Unfortunately for us and our horse companions, there are other ways for horses to founder than having endocrine disease. These mechanisms of founder may occur in horses with or without endocrine disease. One of these is Pasture-Associated Laminitis. During the spring, warmer weather and increased periods of sunlight cause grass to grow and produce sugars at a high rate. One specific type of sugar, fructans, passes through the horse’s small intestine after it is consumed without being processed. It is finally processed once it reaches the large intestine (cecum and large colon) by hindgut bacteria, one prominent species being Streptococcus bovis. These bacteria consume the fructans molecules and produce lactic acid. The problem begins when the horse consumes a high level of fructans (seen in lush, green grass), resulting in a high level of lactic acid production by hind gut bacteria. The excessive lactic acid reduces the internal pH of the large intestine, causing the wall of the intestine to become “leaky.” This results in translocation of endotoxin, bacteria, and other potentially harmful microorganisms into the bloodstream. This ultimately may lead to laminitis. Similarly, the presence of bacteria (sepsis) or endotoxin (endotexemia) in the bloodstream and the related systemic inflammatory response can lead to laminitis in horses with systemic infections or certain, severe types of colic.


Take Away

Laminitis is an unfortunately common problem in our equine populations, especially in this area where grass becomes very lush in the spring and summer. The best treatment for laminitis is prevention. Early intervention for both Cushing’s and EMS is critical for preventing laminitis. TRH stimulation and insulin testing should be performed on any horses that are slow to shed in the spring or have fat deposits typical of either disease such as a cresty neck, excess fat around the tail head, or fat pads under the saddle area. Over the past decade testing and treatment for equine endocrine diseases have improved dramatically. Piedmont Equine has seen a significant drop in the incidence of laminitis since we started testing and treatment at the first sign of endocrine disease. Owners of at risk horses should be aware of the hazards of grazing on lush grass and consider options such as muzzling their horses or allowing grazing during times of the day when grass sugars are lower (typically the morning hours). If your horse does develop laminitis, work closely with your veterinarian and farrier team to explore all options available to make your horse more comfortable and get him or her through the episode. We know so much more about laminitis and endocrine disease than we used to, however continued research is still of utmost importance as we strive to create the best lives for our equine companions.

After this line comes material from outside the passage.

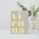 Envie uma saudação elegante de Viena, Áustria, com este cartão postal tipográfico moderno. O design apresenta a palavra Viena dividida em três linhas em letras minúsculas decorativas e em negrito, em amarelo brilhante sobre um fundo cinza. Acima, a frase saudações de é escrita em uma fonte sans serif fina e elegante, adicionando um toque sutil e moderno. Perfeito como um souvenir de férias, um enfeite decorativo ou para enviar para casa a partir da sua cidade favorita. Um design minimalista, porém atraente, para os amantes de estética contemporânea e lembranças de viagem.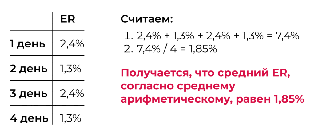 Сумму значений нужно поделить на их количество. Например, вы хотите узнать средний ER за 4 дня при нормальном распределении значений и без аномальных выбросов. Для этого считаем среднее арифметическое: складываем ER всех дней и делим полученное число на количество дней.

Baskerville, C.L., S. Chockalingham, P.A. Harris, et al. 2018. “The effect of insulin on equine lamellar basal epithelial cells mediated by the insulin-like growth factor-1 receptor.” Peer Journal, 2018, 6:e5945.

Equine Endocrinology Group. “Pituitary Pars Intermedia Dysfunction (PPID).” American Association of Equine Practitioners, 2017.

Equine Endocrinology Group. “Recommendations for the Diagnosis and Treatment of Equine Metabolic Syndrome (EMS). American Association of Equine Practitioners, 2018.

Graves, E.A. “Equine Endocrine Diseases: The Basics.” American Association of Equine Practitioners, 2015,

Harlow, B.E., I.A. Kagan, L.M. Lawrence, et al. “Effects on inulin chain length on fermentation by equine fecal bacteria and Streptococcus bovis.” Journal of Equine Veterinary Science, 2017, 48:113-120.

Morgan R.A., Keen J.A., Walker B.R., Hadoke P.W.F. “Vascular dysfunction in horses with endocrinopathic laminitis.” PLoS ONE, 2016, 11(9): e0163815.